夏の高温多湿、豪雪地帯の存在、厳しい気候、多雨、険しい地形、海で大陸と隔てられた東端の可住地という地理的位置、世界で最初に土器を作った縄文の祖先、ポリネシア系の母音を中心とした音声認識など、過酷さと恵の両方を与えてくれる日本列島の位置と、この土地だからこそ残すことのできた叙情性の大切さを見直す一つのきっかけとして、本書を一読することをお勧めします。

本書で取り上げられている話題の一部

・新ダーウィン主義
・ダーウィン、マルクス、ニーチェが非ユダヤ人の心に及ぼした破壊的作用
・文明開化と明治五年の改暦の意味
・一般大衆向けペテンとしての「自由・平等・博愛」
・米大統領選から手を引かされたリンドバーグと当選したルーズベルト
・福沢諭吉
・魔女裁判による900万人の犠牲者
・日本占領と日本民族皆殺しを目的としたイエズス会(ローマ・カトリック)
・改暦に疑問を提出した国学者、権藤成卿
・長谷川如是閑「海と日本―日本文明の淵源について」
・完成された文字体系(漢字)を吸収して消化した珍しい例である日本語
・原始の尻尾を付けたような言葉である日本語:角田忠信『日本人の脳』
・地球支配の起源、アーリア人(コーカソイド)
・『純日本の聖典、闘戦経』(釈義・笹森順三)
・柴田良保『村松愛蔵伝』
・西洋式科学技術によって地上の生命は滅びると分析した岡潔
・「西洋」の内に踏み込めば「ユダヤ」に当たる
・すべての文明は自然を破壊して断絶したが日本文明は例外
・フリーメーソンとルシファー暦、日本のメーソン本部
・田村麿将軍に討伐された蝦夷は大韃靼人/衛藤利夫『韃靼』
・17世紀以降の西洋式科学アカデミズムの総本家、英国王立協会には、薔薇十字会が深く関与
・古代天皇陵が被差別部落にあった不思議
・岡潔、小林秀雄対談集『人間の建設』
・西洋を野蛮と見抜いた西郷と西洋を文明と見た大久保
・占領軍によって不当に糾弾される豊臣秀吉・徳川家康
・フェルプス『バチカンの暗殺者たち』
・マキャべリズムは秘密結社の採用してきた原理
・注目すべき在野の歴史学:八切止夫、菊池山哉、山本健造、鹿島昇



追記:
私は、動物としての人の性質と、貯蓄を目的とした労働が文明を生むという把握の仕方をし、主要文明が日本とは違って比較的乾燥した土地に生まれたことに着目すれば、太田龍氏のいう爬虫類型異星人を持ち出すことなく、他の文明の崩壊と再生、侵略を繰り替えす性質を説明できると考えています。
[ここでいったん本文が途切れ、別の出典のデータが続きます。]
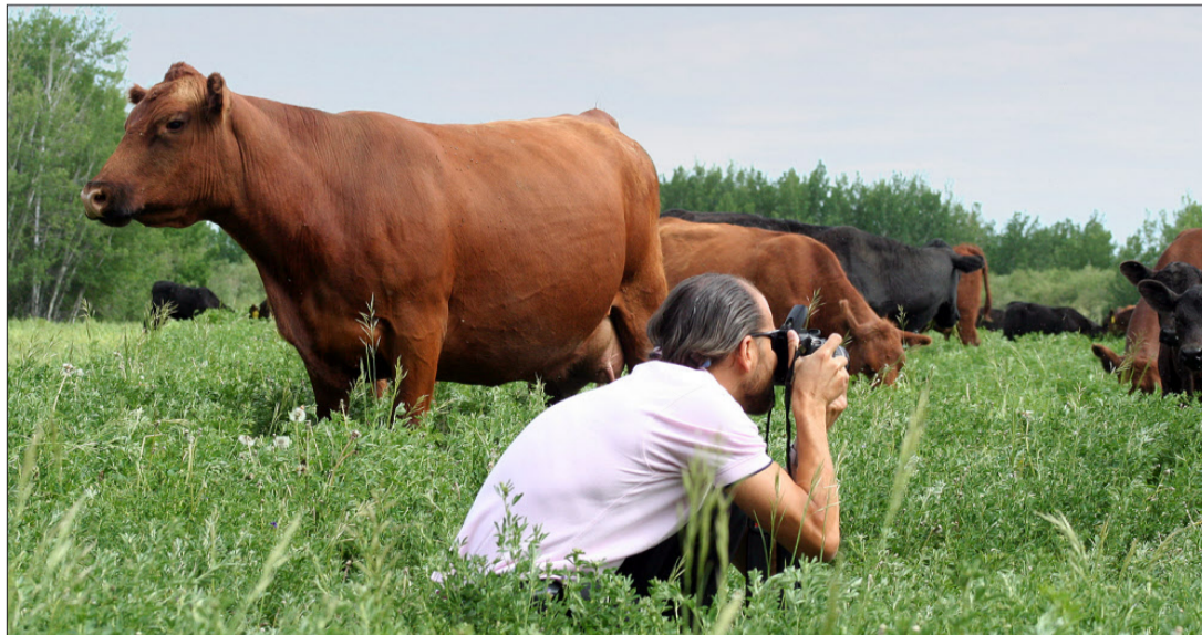
Der Fotograf für das Hotel Park Hyatt Zürich im Einsatz...

Heute ist der längste Tag des Jahres. So schnell geht das. Es ist halb elf Uhr abends, die Sonne scheint immer noch, und es dauert noch eine Stunde, bis es langsam dunkel wird. Um vier Uhr morgens ist es wieder hell, und ein weiterer Tag beginnt. Ich liebe diese Jahreszeit! Wir verbringen die meiste Zeit draussen bei den Kuhherden, im Garten oder bei irgendwelchen anderen Arbeiten. Vor allem auch die Kinder geniessen die warme Jahreszeit. Jeden Abend habe ich mit unseren zwei älteren Buben eine Diskussion, da sie davon überzeugt sind, dass man erst schlafen geht, wenn es dunkel ist! Jeden Morgen sage ich zu mir selbst: «So, heute Abend bin ich dann wieder einmal früher im Bett...» Irgendwie klappt es dann doch nie. Wie auch immer, der Sommer ist hier so kurz

縄文以降の日本の文明は、太陽光の強さと、降水量の多さとが影響して、植物の繁殖力の強い土地に生まれた珍しい文明であったといえるでしょう。


日本の歴史についても、日本の本当の主役は藤原氏であり、天皇家はユダヤ教に利用されるキリスト教のようなものであると把握しているため、太田龍氏のように天皇の存在を重視することはできません。
以上2点はこの際明確にしておきます。


また、西洋文明を否定することによって対立をあおる意図はなく、生物として必然的に争い、快を求める人間が人工化を進めていくことに対して疑問を抱きながら、このような本で世界の実情を分析する必要があると考え、取り上げることにしました。